- WHAT THE TASK REQUIRES -
Please repeat the data in full, character for character.

- SOURCE RECORDS -
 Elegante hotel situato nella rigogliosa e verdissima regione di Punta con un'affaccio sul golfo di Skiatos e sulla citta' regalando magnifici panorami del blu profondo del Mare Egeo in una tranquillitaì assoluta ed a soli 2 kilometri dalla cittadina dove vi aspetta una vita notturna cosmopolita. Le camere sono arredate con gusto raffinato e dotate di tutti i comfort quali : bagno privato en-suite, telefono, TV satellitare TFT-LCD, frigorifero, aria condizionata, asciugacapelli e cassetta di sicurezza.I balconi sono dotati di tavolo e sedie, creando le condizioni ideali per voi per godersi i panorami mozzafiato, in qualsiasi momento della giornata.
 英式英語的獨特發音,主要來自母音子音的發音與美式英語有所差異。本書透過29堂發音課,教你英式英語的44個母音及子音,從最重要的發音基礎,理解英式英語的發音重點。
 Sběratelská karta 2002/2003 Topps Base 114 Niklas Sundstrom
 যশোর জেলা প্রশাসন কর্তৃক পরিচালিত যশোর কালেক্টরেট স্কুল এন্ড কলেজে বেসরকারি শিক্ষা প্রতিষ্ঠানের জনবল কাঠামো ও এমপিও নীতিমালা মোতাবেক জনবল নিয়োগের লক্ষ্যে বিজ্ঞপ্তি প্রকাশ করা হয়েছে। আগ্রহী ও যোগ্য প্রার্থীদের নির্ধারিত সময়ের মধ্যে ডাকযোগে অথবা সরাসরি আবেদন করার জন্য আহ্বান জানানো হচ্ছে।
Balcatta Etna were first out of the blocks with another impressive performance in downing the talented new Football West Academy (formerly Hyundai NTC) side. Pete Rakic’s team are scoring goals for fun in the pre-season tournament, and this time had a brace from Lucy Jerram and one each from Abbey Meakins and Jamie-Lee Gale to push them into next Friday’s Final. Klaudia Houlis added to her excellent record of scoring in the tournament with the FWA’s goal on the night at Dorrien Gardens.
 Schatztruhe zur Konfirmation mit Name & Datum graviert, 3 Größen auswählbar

- SOLUTION FOR THIS PROBLEM -
 Elegante hotel situato nella rigogliosa e verdissima regione di Punta con un'affaccio sul golfo di Skiatos e sulla citta' regalando magnifici panorami del blu profondo del Mare Egeo in una tranquillitaì assoluta ed a soli 2 kilometri dalla cittadina dove vi aspetta una vita notturna cosmopolita. Le camere sono arredate con gusto raffinato e dotate di tutti i comfort quali : bagno privato en-suite, telefono, TV satellitare TFT-LCD, frigorifero, aria condizionata, asciugacapelli e cassetta di sicurezza.I balconi sono dotati di tavolo e sedie, creando le condizioni ideali per voi per godersi i panorami mozzafiato, in qualsiasi momento della giornata.
 英式英語的獨特發音,主要來自母音子音的發音與美式英語有所差異。本書透過29堂發音課,教你英式英語的44個母音及子音,從最重要的發音基礎,理解英式英語的發音重點。
 Sběratelská karta 2002/2003 Topps Base 114 Niklas Sundstrom
 যশোর জেলা প্রশাসন কর্তৃক পরিচালিত যশোর কালেক্টরেট স্কুল এন্ড কলেজে বেসরকারি শিক্ষা প্রতিষ্ঠানের জনবল কাঠামো ও এমপিও নীতিমালা মোতাবেক জনবল নিয়োগের লক্ষ্যে বিজ্ঞপ্তি প্রকাশ করা হয়েছে। আগ্রহী ও যোগ্য প্রার্থীদের নির্ধারিত সময়ের মধ্যে ডাকযোগে অথবা সরাসরি আবেদন করার জন্য আহ্বান জানানো হচ্ছে।
Balcatta Etna were first out of the blocks with another impressive performance in downing the talented new Football West Academy (formerly Hyundai NTC) side. Pete Rakic’s team are scoring goals for fun in the pre-season tournament, and this time had a brace from Lucy Jerram and one each from Abbey Meakins and Jamie-Lee Gale to push them into next Friday’s Final. Klaudia Houlis added to her excellent record of scoring in the tournament with the FWA’s goal on the night at Dorrien Gardens.
 Schatztruhe zur Konfirmation mit Name & Datum graviert, 3 Größen auswählbar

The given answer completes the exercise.